- WHAT IS NEEDED
Please repeat the records beneath this task exactly as they appear, but skip the images.

- PROVIDED ENTRIES
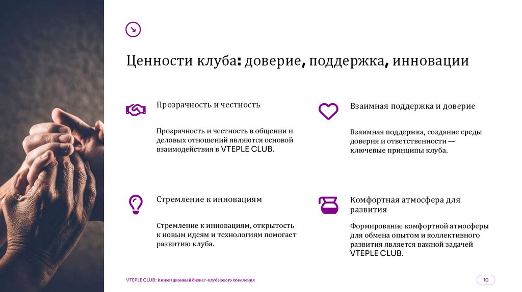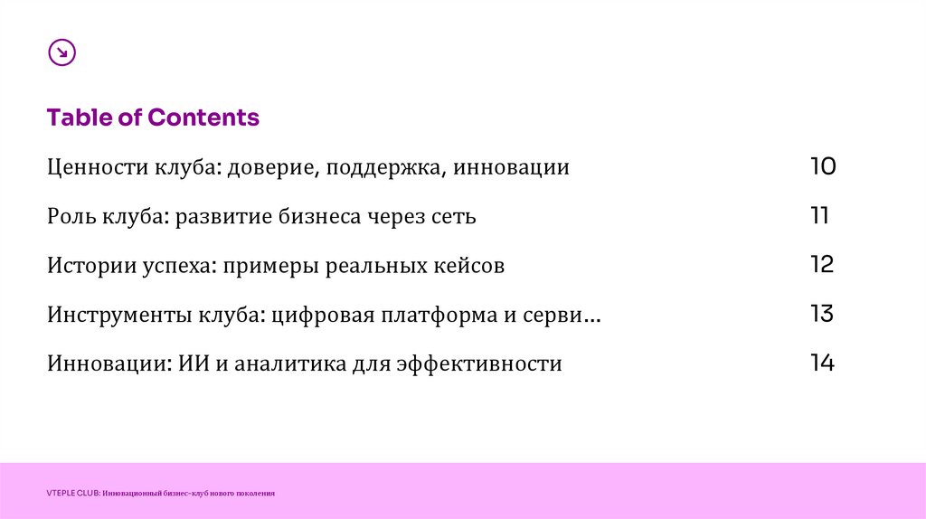 Table of ContentsЦенности клуба: доверие, поддержка, инновации
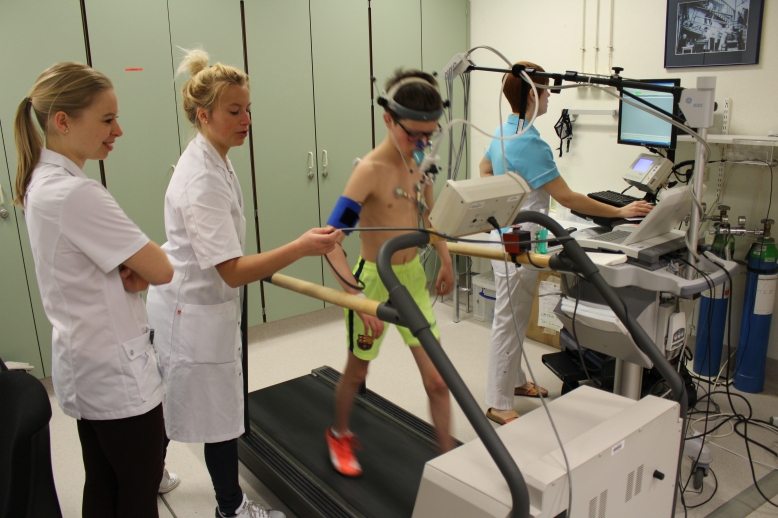 Vanmorgen om 9.00 uur moest Thijn zich melden voor de inspanningstest. Hij heeft deze test ook nuchter moeten ondergaan, i.v.m. de hartkatheterisatie nadien. Ongeveer 20 minuten heeft hij zich moeten inspannen op de loopband. De loopband werd iedere keer zwaarder ingesteld en ook de hoogte/ stijlheid werd steeds anders ingesteld. Hij heeft een berg moeten beklimmen van 14%. Aan het einde van de inspanningstest was hij doodop. In de inspanningstest heeft hij erg goed gedaan. De uitslagen en overige gegevens worden doorgezet naar Prof. Gewillig (kindercardioloog).
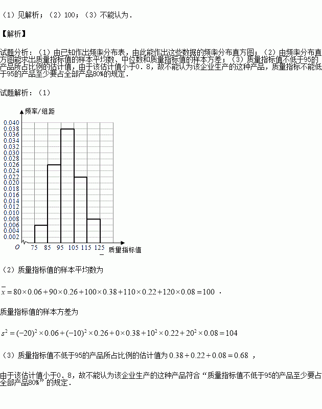 (3)根据以上抽样调查数据,能否认为该企业生产的这种产品符合“质量指标值不低于95的产品至少要占全部产品的80%”的规定?
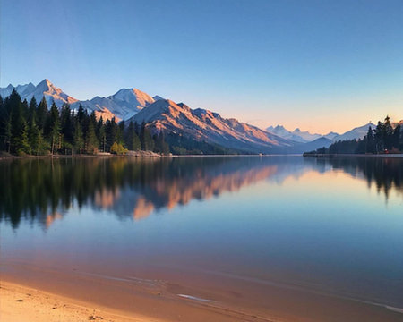 The tranquil lake mirrors surrounding mountains and lush forests, creating a perfect moment of serenity during the early morning hours. Nature invites calmness and reflection.
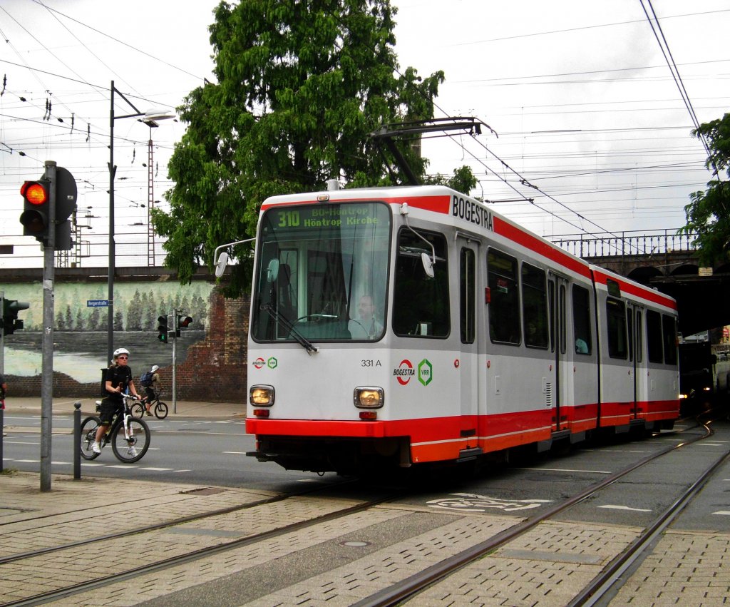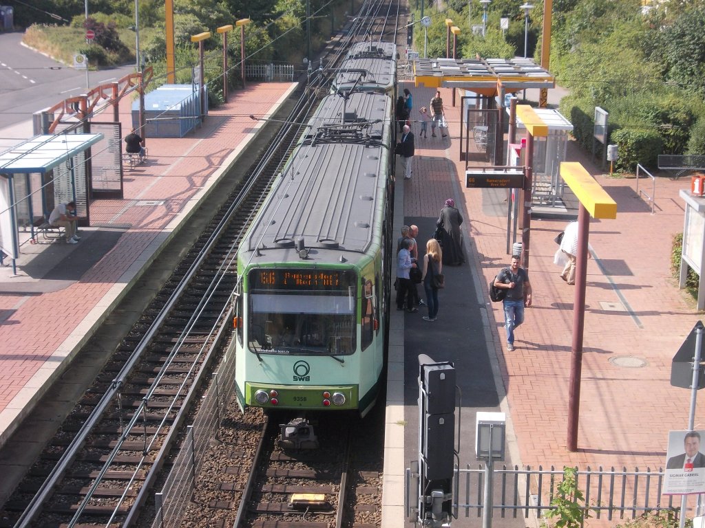 Witten: Straßenbahnlinie 310 nach Bochum-Höntrop Kirche am Hauptbahnhof Witten.(10.8.2013)

- TASK RESULT
 Table of ContentsЦенности клуба: доверие, поддержка, инновации
 Vanmorgen om 9.00 uur moest Thijn zich melden voor de inspanningstest. Hij heeft deze test ook nuchter moeten ondergaan, i.v.m. de hartkatheterisatie nadien. Ongeveer 20 minuten heeft hij zich moeten inspannen op de loopband. De loopband werd iedere keer zwaarder ingesteld en ook de hoogte/ stijlheid werd steeds anders ingesteld. Hij heeft een berg moeten beklimmen van 14%. Aan het einde van de inspanningstest was hij doodop. In de inspanningstest heeft hij erg goed gedaan. De uitslagen en overige gegevens worden doorgezet naar Prof. Gewillig (kindercardioloog).
 (3)根据以上抽样调查数据,能否认为该企业生产的这种产品符合“质量指标值不低于95的产品至少要占全部产品的80%”的规定?
 The tranquil lake mirrors surrounding mountains and lush forests, creating a perfect moment of serenity during the early morning hours. Nature invites calmness and reflection.
 Witten: Straßenbahnlinie 310 nach Bochum-Höntrop Kirche am Hauptbahnhof Witten.(10.8.2013)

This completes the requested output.